Another apparition was oft referred to in this weird talk. A great white spectre and chieftain of all spites, who sprang from his abode in the north, whose breath was a blast of snow, howling as it swept over the wilderness–this ghost, so vast that it covered miles and miles of wilderness, was altogether evil. It spared neither man nor beast. The hunter trailing his game met death on the instant and was left rigid and upright in his tracks. Squaws and children huddled in wigwams shared the same speedy fate. Lynxes and panthers, deer and moose by the score, were touched by the same mystic and awful wand of death.

It was all an uncanny, eerie, ghostly recital; yet all real and true to Chip, whose eyes never once left the Indian’s face while he was speaking. Angie, too, was spellbound. Never had she heard anything like it; and while believing it was all a mere myth and legend, a superstitious fancy, maybe, of this strange Indian, its telling was none the less interesting.

Ray was also enthralled, and he was half convinced that the forest might, after all, contain spooks and goblins.

But Old Cy was only a curious listener. He, too, had woven many a fantastic tale of the sea, its storms and monsters leaping from the crests of waves, and all such figments of the imagination, and this fable was but the same. The only feature of passing interest to him was the fact that any Indian had such a vivid imagination and could relate such a mingled ghost story so coherently.
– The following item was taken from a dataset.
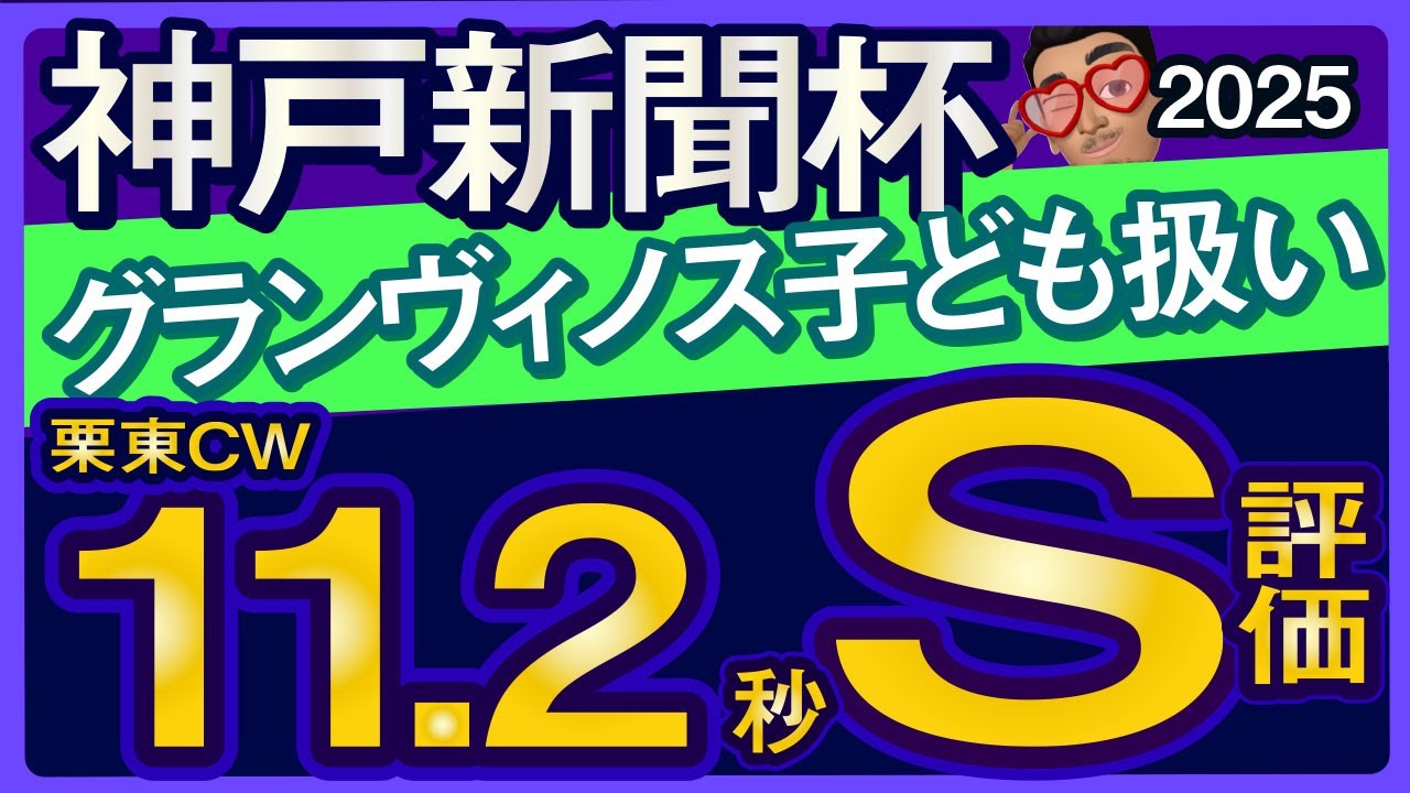 神戸新聞杯2025グランビノス子供扱い 立等コース11.2秒S評価皆様 こんばんは。加速情報競馬データ検証の野 でございます。本日は5分で分かる外級 データをいたしまして神戸新聞杯2025 をチェックしていきたいと思います。 [音楽] それではこちらが本日のメニューでござい ます。まず1つ目、神戸新聞杯出走力の 確認ということでございましてですね、ま 、ね、キ下賞に向けてのですね、ま、 権利取りのレースになるんですけれども、 ま、ダービーですね、あと、ま、その辺り ですね、ダービーの上馬がですね、 ちょっとね、天皇省秋とかですね、凱旋 猛章とかですね、違う路線に行きますので 、ま、結構ね、路線としてはですね、今年 はね、緩くなってるかなていうような現状 でございますけれども、ま、ね、ただ やっぱりね、ダービーバとかがですね、 そういうね、大部隊目指すってことになる とですね、その世代って結構やっぱり強い んですよね。なので、ま、世代レベルはね 、もしかしたら高いかもしれないなという ところでございますのでね、それぞれね、 可能性探りながら見ていきたいなという風 に思っております。そして2つ目でござい ます。過去の神戸新聞杯外級傾向学ぶと いうことでございましてですね、ま、今年 阪神にね、戻っております。その辺りね、 注目しながら見ていきたいなという風に 思っております。そして3つ目でござい ます。今年はどんな雨を狙うということで ございましてですね、過去の傾向から今年 狙ってくのポイント抑えておきたいなと いう風に思っております。なおですね、 今回の動画でりましたデータガイト前に 関しましては週末出そ場が確定いたしまし たレース前日に来てお送りさいております 。最終りとかですね、ま、こんな感じで ちょっと急車のネタとかですね、馬の変化 とかですね、ま、野外的に調べてですね、 これ人気以上に面白いんじゃないかな みたいな、ま、ですね、ピックアップさせ ていただいておりますのでね、是非楽しみ にお待ちいただければなという風に思って おります。下の概要欄からですね、1秒で 登録ます。是非登録してお待ちいただけれ ばなという風に思っております。 それでは順番に見ていきたいと思うんです けれども、まずはエリーキングでござい ます。デビューからですね、無傷の3連勝 で京都に再生クスを制覇。ただそこから ですね、骨折で離脱しましてですね、初戦 の殺さ11着大牌もダービーでは後方から 最速の上がりで追い込んで5着。やはりね 、能力はあるかなという風にもあります。 骨折なくてね、スムーズだったらと感じる ほどのね、阻止場でございましてですね、 今回は骨折のあった春から期間がね、経っ ておりましてですね、しっかり調整できた かなという風に感じております。1周前 川田騎種が起場して立のコースを詰めに7 ハ論で96.9秒、6ハ論で80.1秒、 姉妹が11.2秒。久々ですがね、かなり 動けてるかなという状況でございます。 能力あるよとことで、え、とさせて いただきました。そしてこちら翔平で ございます。木賞では4着まででした けれども、京都新聞杯をね、1着して ダービーの権利を獲得。そのダービーでは 期待通りの走りでですね、3着に激走して くれました。ま、今回ね、久々になるのと 賞金があるのでね、ま、どの程度仕上げて いるのかなっていうところがポイントに なってくるかなと思うんですけれども、1 周前ね、西塚騎種が起場しまして、立の コース82.6秒、姉妹はいっぱいに追わ れて11.6秒って形でございましてです ね。うん。ちょっとこの馬にしては時計も 出なかったし、なんか追われても伸びずっ ていう感じでね、ま、ちょっとまだ仕上げ 途上なのかなという感じをね、ちょっと 思わせるようなね、内容でございました。 ま、ダービーの時はね、期待したんです けれども、ま、ね、本番に向けて仕上げて くるだろうなという感じでございまして ですね、ま、ちょっとここはね、1回ね、 あの、叩いてっていうようなレース内容に なってくるのかなという感じがしており ます。仕上がりがどうかなというところで ございました。評価ね、ちょっとBに下げ させていただいております。そしてこちら 序盤2でございます。名の通りですね、 デビュー戦勝利して2歳重賞2002着と 序盤にね、活躍しておりました。はい。 ここちょっとクスっと笑っていいところ ですね。はい。関西になるとですね、ま、 赤ワステークスはですね、勝利するんです けれども、殺しではですね、4着ダービー では8着とですね、やや上位と差を感じる 競馬でございました。秋に向けてはですね 、大きく成長が欲しいところでございます 。1周前ですね、松山機種起場しまして リトのコースを79.3秒、姉妹かけて 11.4秒。自己ベスト更新で、ま、これ はね、成長あるかもしれないなという ところでございます。成長にね、期待 できるところあるんじゃないかなていう ところもありましてですね、

Old Tomah ceased speaking even more abruptly than he began, then looked from one to another of the group, perhaps to see if they all believed him, and then without a word or even “good night,” he rose and stalked out of the cabin.

For a few moments Chip watched Angie and the rest, anxious to see how this explanation of her own belief affected them, and then Old Cy spoke.

“I’d hate to be campin’ with that Injun,” he said, “or sharin’ a wigwam with him night-times. It ’ud be worse’n a man I sot up with once that had the jim-jams, ’n’ I’d see spites and spooks for a week arter.”

Angie’s sleep was troubled that night, and in her dreams she saw white spectres and a man with a hideously scarred face and one eye watching her.Ray also felt the uncanny influence of such a tale and “saw things” in his sleep. But Old Cy, who had securely barred the doors and then had rolled himself in a blanket with rifle handy, thought only of what Ray had seen that day and who it might be.